Comparing COVID Restrictions to Nazism Is OK

Dan Gelernter wonders if comparing COVID restrictions to Nazism is ever OK, and concludes that it is. His argument centers on government action against a disfavored class. In National Socialist Germany, Jews were the primary disfavored class. In the United States and allied nations today, the unvaccinated, or anyone critical of government health policies, find themselves increasingly vilified, disfavored, and even threatened. 

“This is a pandemic of the unvaccinated,” Joe Biden said in September. The unvaccinated “can cause a lot of damage—and they are,” and Biden has a plan “to combat those blocking public health.” As the Delaware Democrat warned, “we’ve been patient but our patience is wearing thin,” so “get vaccinated.” 

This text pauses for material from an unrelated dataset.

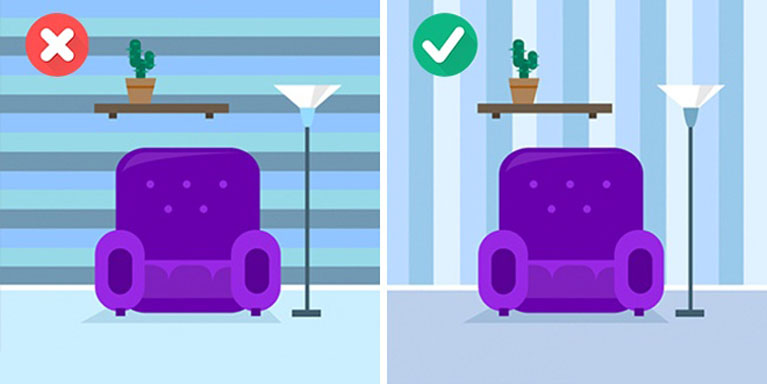 如果你使用偏暗的图案来装饰牆壁,那么在视觉上的效果将会有负面的影响。同时,水平的条纹也无法有效地让家裡看起来更宽大。如果家里的客厅空间本来就不大,那你应该使用浅色系的垂直条纹,这样的设计可以让客厅看起来更宽阔明朗!

If that does not convey disfavored status it’s hard to imagine what might. Maybe a yellow star would do the trick, but to adapt what Marlon Brando said in “On the Waterfront” there’s “a lot more” to this Nazi comparison business than people might think. 

The primary author of Biden’s 3,548-word message was doubtless chief White House medical advisor Dr. Anthony Fauci. Biden has joked that Fauci is the real president, but that might understate the matter. 

Fauci, a government bureaucrat since 1968 and head of the NIH’s National Institute of Allergy and Infectious Diseases (NIAID) since 1984, has never faced a vote of the people. The president must deal with Congress, which controls spending. With his budget of more than $6 billion, Fauci controls a great deal of medical research spending, even as he lays down public health policy. On top of all that, Fauci can boast the ultimate strategic ally. 

His wife, Christine Grady, heads up bioethics at the National Institutes of Health, including NIH’s work with “human subjects.” It is as though Nancy Reagan served as a special counsel for President Ronald Reagan, and greenlighted the Iran-Contra scandal. 

Fauci’s wife is also the author of The Search for an AIDS Vaccine: Ethical Issues in the Development and Testing of a Preventative HIV Vaccine, from Indiana University Press in 1995. To adapt a maxim of UC Berkeley molecular biologist Peter Duesberg, this book is like a bikini, interesting for what it reveals and for what it conceals.

At the time of publication, Grady was acting clinical director and research associate at the National Institute of Nursing Research (NINR), part of the National Institutes of Health. She claims the book was written “in her private capacity,” and not supported or endorsed by the NIH, though she acknowledges several people in NIH agencies, including NIAID and NINR.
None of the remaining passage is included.